RESTAURATEUR, CHEF AND FOOD DESIGNER MATTI JÄMSÉN is a dedicated perfectionist in his work. He is President of Team Finland at the international Bocuse d’Or world chef championship and one of the contest’s 24 judges. Jämsén describes himself as a technical chef who is always searching for new flavours, even in his spare time.
“I relax by going with my wife to eat in different restaurants. In Helsinki, my favourites are Vinkkeli and Grön. When abroad, I often visit the Geranium in Copenhagen.”
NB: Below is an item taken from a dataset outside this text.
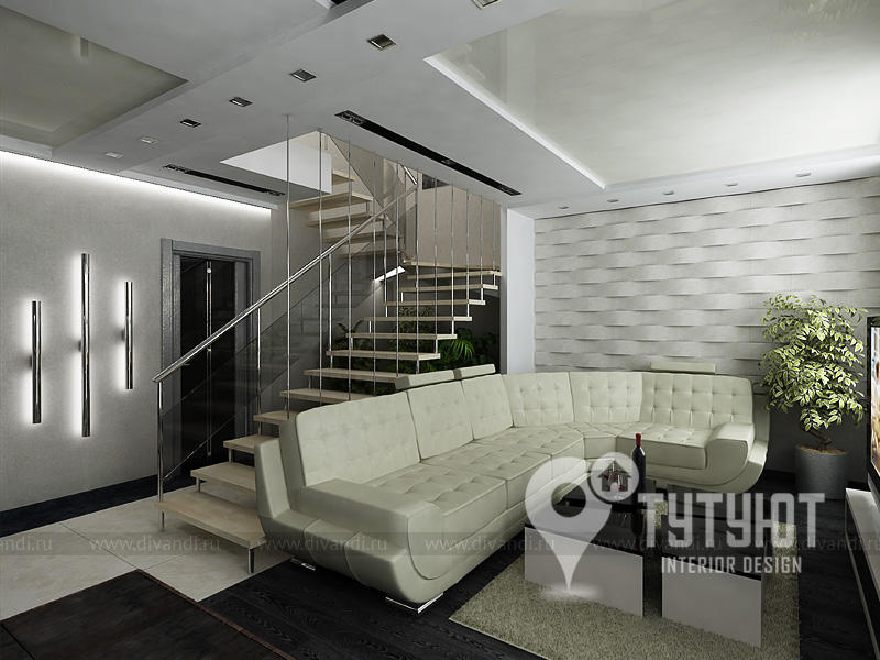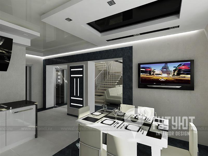 Современный интерьер создавался для молодой семьи. Интерьер построен на контрасте цветов и игры фактур. Эффектная лестница на тросах играет центральную роль в общем пространстве квартиры. Благодаря ее легкой конструкции удалось поддержать тему лаконичности линий в интерьере и функционально мебелировать диванную зону общественного пространства. Кухня столовая решена в черно-белой гамме. Кухня выполнена из каленого белого стекла с черной столешницей из искусственного камня.

The Bocuse d’Or is a top-class chef championship that was inaugurated in 1987 and is held every second year in Lyon, France. In 2019, the teams from the Nordic countries shone in the contest: Denmark won, Sweden came second, Norway third and Finland fourth. According to Jämsén, the triumphal march of Nordic cuisine can be explained by its open-minded attitude. “In many Southern European countries, food culture is so strong and traditional that you can’t really diverge from it. We in the North do not fear modifying old things and inventing new ones,” says Jämsén. The main ingredients, such as meat, are given to the contestants at the contest venue, but you can take local specialities with you from home, like smoked reindeer, spruce shoots and typically Finnish Jaloviina spirit, also known as ‘Jallu’. It was ultimately used to make a sauce for the meats. The look and presentation of the food are very important in the contest and, in this respect, Scandinavian simplicity is a strength. “In the contest, the most important things of all are international visibility and networks. Because it is a contest where the food is judged, it’s easy just to give points to those countries that have already gained trust and a good reputation. It’s therefore important to distinguish yourself through some special feature like Norwegian salmon, scallops and other seafood.”